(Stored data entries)

== == ==

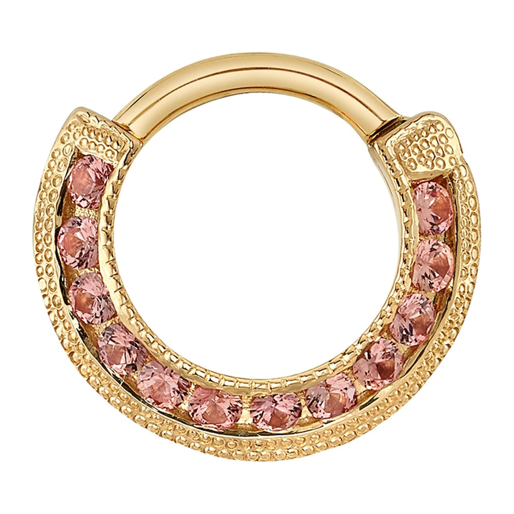 - Pave Texture Side: (12) 1.5mm Round Champagne Sapphires in Channel Setting
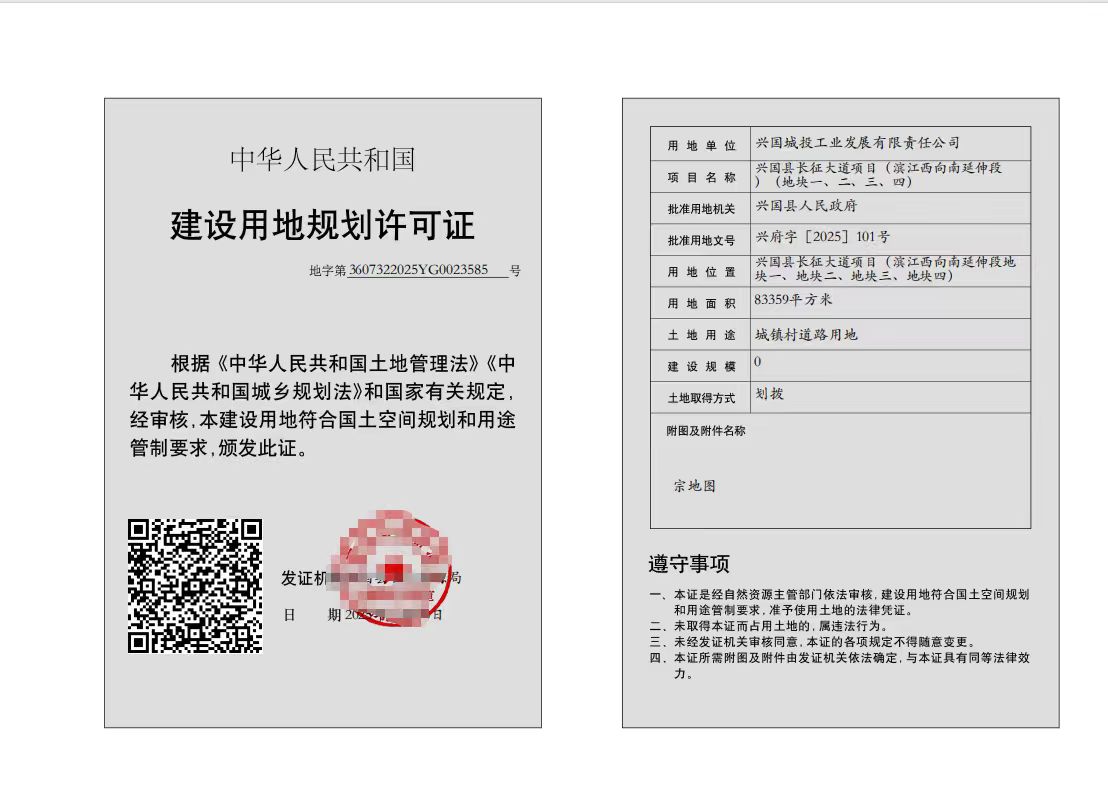 (興國縣長征大道項目(濱江西向南延伸段地塊一、二、三、四)建設用地規劃許可批后公布
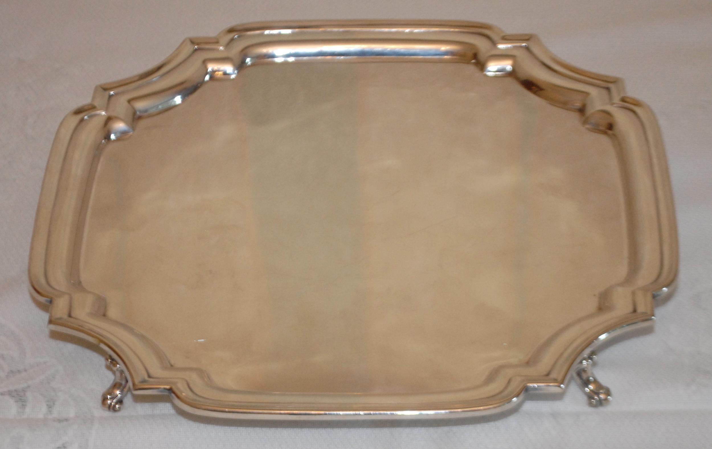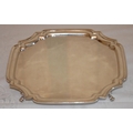 A silver George III style shaped square tray, shaped rim, scroll feet, 27cm wide, Martin, Hall & Co, Sheffield 1931, 642g (20.7ozt)
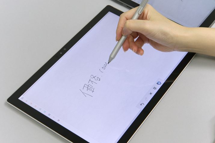 ディスプレイは12.6型液晶で、Surface Pro 4(12.3型液晶)よりもわずかに大きい。解像度は2880×1920で、2736×1824のSurface Pro 4よりも高精細だ。画質面ではsRGB比で121%、NTSC比で85%の色再現性を実現しているだけに、鮮やかな表示となっている。Surface Pro 4と比べると、少し青色が強く感じたが、高画質なディスプレイと言っていいだろう。画面が大きい分だけ、本体のフットプリント(幅と奥行)も大きいが、気になるほどの差ではない。サイズ感はほとんど同じだ。
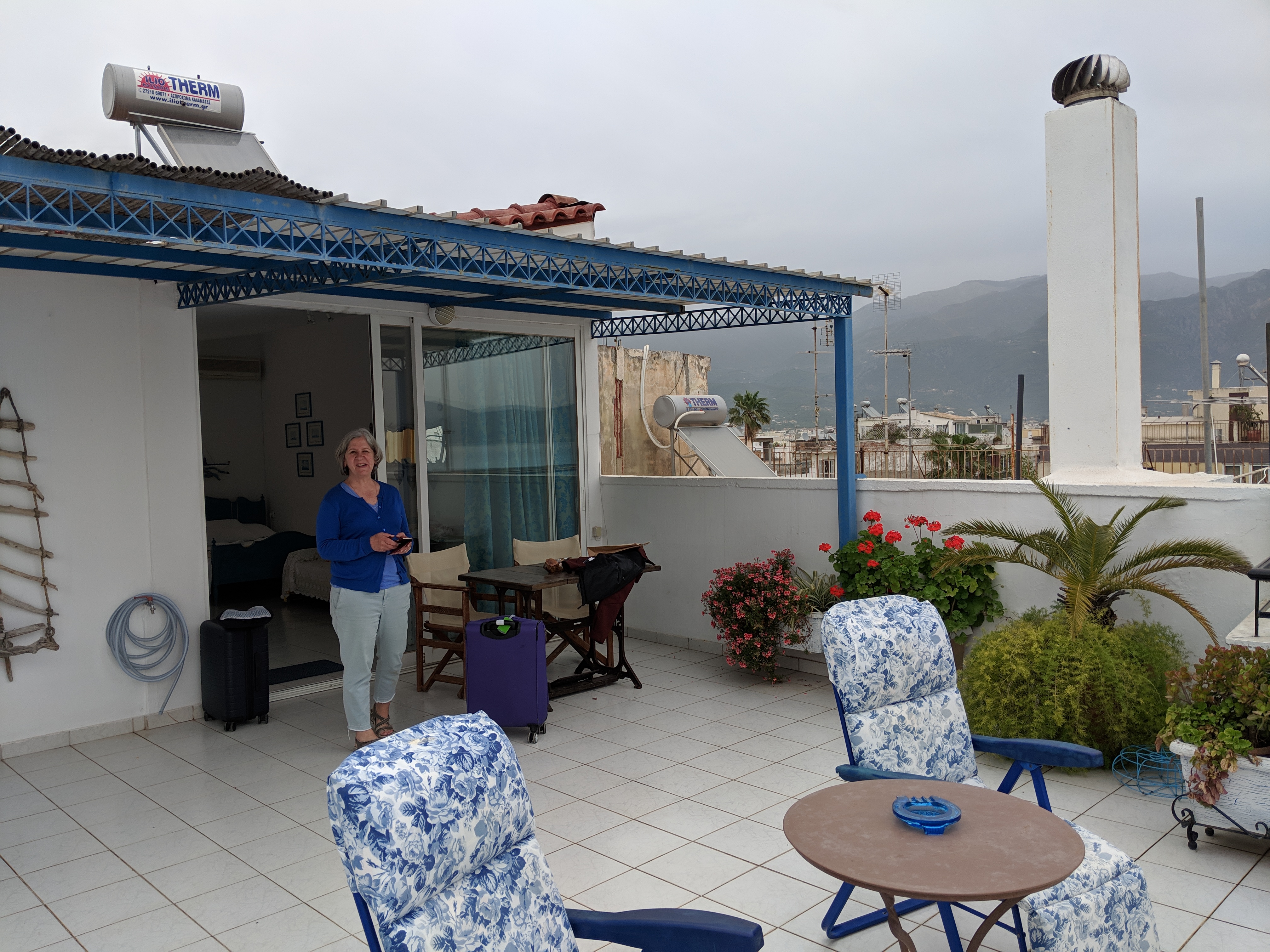 Went to Ioannis’ village for midnight Easter service. Big dinner followed. Again, delicious. Great family gathering.The Easter service was beautiful. The small chapel was filled to overflowing. Although I did not understand the words spoken or the significance of the rites, the experience was, none the less, very meaningful. We all lit candles and went back to Ioannis’ mother’s house. I am proud to say that my candle only went out once. The flame is passed from person to person. The original flame is brought from Jerusalem every year in a special container. This same flame that started in Jerusalem was eventually passed to me. When we arrived we had another meal (feast). This time we had: tomato and cucumber salad, saganaki, two types of mageiritsa (a stew like dish with organ meat and spinach), chicken with mushrooms, a soft Greek goat cheese, bread, homemade wine and a wonderful tzatziki. This was topped off with a sweet cheese filled pastry. Got back to our apartment about 2:30 am. I cannot find the words to express the hospitality and welcoming I experienced. Especially considering the fact that few spoke any English. The young ones (high school to college age who did know English best) kept us engaged in conversation all evening.We will be picked up before noon the Sunday to be taken to the big Easter feast the centerpiece of which will be goat roasted in an outside wood fired oven. I am very well aware that this is a very special opportunity to experience Greece in a way that few non-Greeks are blessed to experience, a very special experience with wonderful people.

== == ==

**Task goal:**
Make a word-for-word copy of the entries, without any pictures.

**Answer box:**
 - Pave Texture Side: (12) 1.5mm Round Champagne Sapphires in Channel Setting
 (興國縣長征大道項目(濱江西向南延伸段地塊一、二、三、四)建設用地規劃許可批后公布
 A silver George III style shaped square tray, shaped rim, scroll feet, 27cm wide, Martin, Hall & Co, Sheffield 1931, 642g (20.7ozt)
 ディスプレイは12.6型液晶で、Surface Pro 4(12.3型液晶)よりもわずかに大きい。解像度は2880×1920で、2736×1824のSurface Pro 4よりも高精細だ。画質面ではsRGB比で121%、NTSC比で85%の色再現性を実現しているだけに、鮮やかな表示となっている。Surface Pro 4と比べると、少し青色が強く感じたが、高画質なディスプレイと言っていいだろう。画面が大きい分だけ、本体のフットプリント(幅と奥行)も大きいが、気になるほどの差ではない。サイズ感はほとんど同じだ。
 Went to Ioannis’ village for midnight Easter service. Big dinner followed. Again, delicious. Great family gathering.The Easter service was beautiful. The small chapel was filled to overflowing. Although I did not understand the words spoken or the significance of the rites, the experience was, none the less, very meaningful. We all lit candles and went back to Ioannis’ mother’s house. I am proud to say that my candle only went out once. The flame is passed from person to person. The original flame is brought from Jerusalem every year in a special container. This same flame that started in Jerusalem was eventually passed to me. When we arrived we had another meal (feast). This time we had: tomato and cucumber salad, saganaki, two types of mageiritsa (a stew like dish with organ meat and spinach), chicken with mushrooms, a soft Greek goat cheese, bread, homemade wine and a wonderful tzatziki. This was topped off with a sweet cheese filled pastry. Got back to our apartment about 2:30 am. I cannot find the words to express the hospitality and welcoming I experienced. Especially considering the fact that few spoke any English. The young ones (high school to college age who did know English best) kept us engaged in conversation all evening.We will be picked up before noon the Sunday to be taken to the big Easter feast the centerpiece of which will be goat roasted in an outside wood fired oven. I am very well aware that this is a very special opportunity to experience Greece in a way that few non-Greeks are blessed to experience, a very special experience with wonderful people.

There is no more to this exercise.